CGN state of Oregon

Differences between majority Democrats and minority Republicans have come to the surface as the Oregon House moves to a vote on legislation that builds on Oregon’s 2017 law ensuring access to abortion and other reproductive and gender-affirming health care.

Every Democrat on the joint budget committee voted Thursday to send House Bill 2002 for a vote of the full House — and every Republican, including its leaders in both chambers, voted against it.

The bill emerged from a work group convened last year by House Speaker Dan Rayfield, D-Corvallis, before the U.S. Supreme Court officially overturned abortion as a federal constitutional right granted by the 1973 Roe v. Wade decision and returned the issue to states. But Rayfield did so after a draft opinion by Justice Samuel Alito leaked.

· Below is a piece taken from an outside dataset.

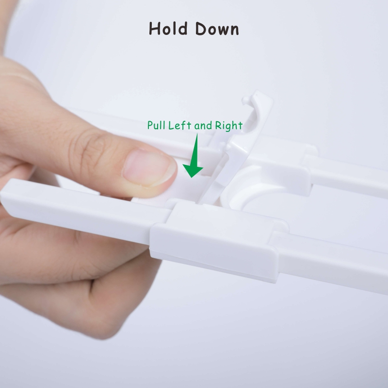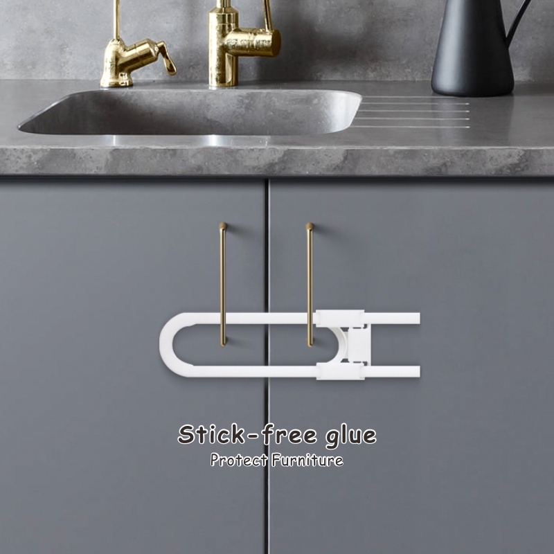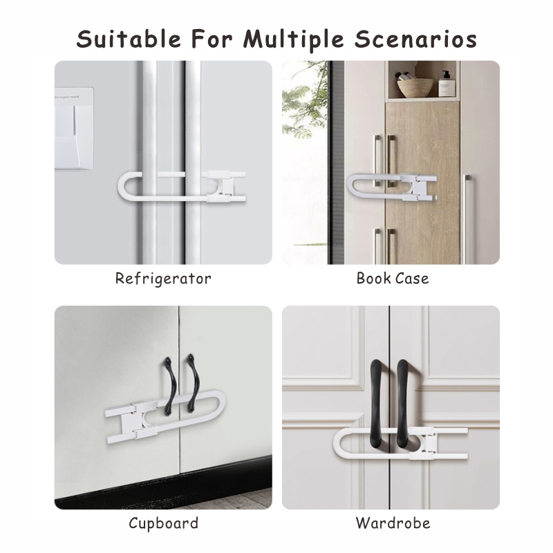 ADJUSTABLE LOCK WITH MULTI PURPOSE USE; Prevent your little ones from reaching to kitchen cabinets, side by side refrigerator, cupboards, storage doors and make them stay out of trouble. Can be adjusted to the desired length up to 5 in. Suitable for all kinds of mushroom shaped round knobs and D-shaped or annular handles. Reusable and convenient lock exactly meets your need, safely keeping curious babies and active pets away from cabinets. Use them in kitchen, bathroom, pantry room, bedroom etc.

Oregon lawmakers removed criminal penalties for abortion in 1969 — four years before the U.S. Supreme Court legalized abortion — and voters rejected six ballot initiatives between 1978 and 2018 to restrict abortion or ban public funding. Oregon began public funding of abortions in 1977, the year after Congress put most abortions off-limits for federal funds.

House Majority Whip Andrea Valderrama, a Democrat from East Portland, will be the floor manager for HB 2002 when it comes up for a vote in late April or early May. She also sits on the budget committee. Though Republican lawmakers and governors in other states have moved to restrict or ban abortions, Democratic lawmakers have gone the other way — and Valderrama said that is because Oregonians have weighed in.

“Time and time again, Oregonians have made this a priority on our ballots, in emails and phone calls,” Valderrama said after the committee vote. The bill would create a new crime of interference with a health care facility, set maximum penalties of 364 days in jail — one day short of a felony qualifying for state prison — and a fine of $6,250, and empower individuals to go to court to enforce their rights under the law.